Second, I think I gave you enough to go on your own. *I* am not terribly
interested in writing the LPeg for this.
> #Tag
> ##Attribute
> ###Value
> > Content
>
> should produce:
>
> { -- document root
> { -- root tag
> [tagname_idx] = "Tag",
> ["Attribute"] = "Value",
> "Content"
> }
> }
Ah, nice that you finally gave an example of the output.

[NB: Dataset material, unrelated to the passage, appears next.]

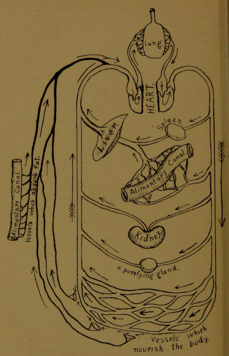 My object throughout this little work has therefore been to present the fundamental principles of physiology in a brief, consecutive and readable form, for those who do not care to study the text-books. There is no lack of excellent books already, books illustrated by careful[vi] drawings quite gruesome in their accuracy, but they are almost all intended for “students,” and the casual reader, finding the organs divided up for exhaustive treatment, fails to form a conception of the body as an organic whole, and misses the very principles he is in search of, in the heap of details under which they are buried.

So from here, I
could expect:
#book
##edition
###3
> #name
> Programming In Lua
> #ISBN
> 859037985X
To produce:
{
{
tagname_idx = "book",
edition = 3,
{ tagname_idx = "name" , "Programming In Lua" },
{ tagname_idx = "ISBN" , "859037985X" },
}
}
(I will say this---I liked RFC-7049 because it included a TON of encoding
examples)
> >an initial stab at the problem (untested):
> >
> >[code]
> >
> > I opted to store the "tag" as the [0]th element because that's what
> > LuaXML
> >does when parsing XML documents. This should get you going though (other
> >things left as an exercise---what if there's a missing tag? Adding in
> >escape sequences. That odd 'raw' mode I didn't understand. Parsing nested
> >data)
> A missing tag should be an error. A missing attribute value should be an
> error. Raw mode means "disable the parser and treat everything as data"
> like XML's <![CDATA[ ]]>. Note that missing tags can only happen when
> you go in a `> ` block.
If you have any other LPeg questions, I'll be happy to answer them. I'm
not up to writing the code for you though.

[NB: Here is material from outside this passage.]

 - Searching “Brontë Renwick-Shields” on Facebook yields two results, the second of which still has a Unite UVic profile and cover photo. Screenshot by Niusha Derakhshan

> >[1] And I'm wondering why you even want this, when you could just use
> > Lua directly, or JSON, or YAML, or *any number of existing
> > half-documented markup languages masquerading as a "standard"* but
> > I'll take you at face value and not ask WTF?
> >
> >
> I can use this for config files, because it's a clean config file format
> unlike XML, and I can also use this to generate XML documents (e.g.

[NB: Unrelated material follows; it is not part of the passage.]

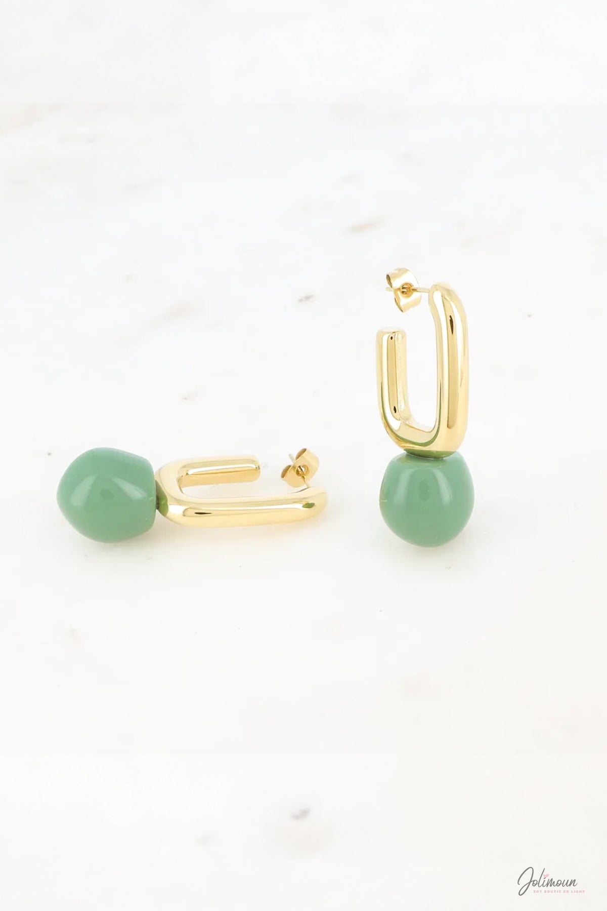 Boucles Perle verte – Boucles d’oreilles dorées maillon U perle verte

> XHTML webpages) because I designed it that way.
At work, most of the components are configured using XML, except for the
one component I wrote in Lua. I use Lua as the configuration file for that.
And amazingly enough, the ops group has no problems with it. Neither does
the tester (or the rest of the development members in our department).
I don't really see what's wrong with:
version = "1.0"
encoding = "utf-8"
programmming =
{
languages =
{
{ name = "Lua" , link = "http://www.lua.org/" },
{ name = "Python" , link = "https://www.python.org/" },
},
books =
{
{ name = "Programming in Lua" , edition = 3 , ISBN = "859037985X" },
},
}
as that is *way* more concise than https://raw.githubusercontent.com/SoniEx2/MDXML/master/example.md
and could just as easily be converted to XML. Another issue I see with your
format is the use of repeated ">" to indicate nesting level, and it's the
same issue I have with Python and it's significant whitespace to indicate
nesting level---it makes reorganizing a bit more onerous.
But hey, it's your project---knock yourself out.
-spc (But hey, it's your project---knock yourself out)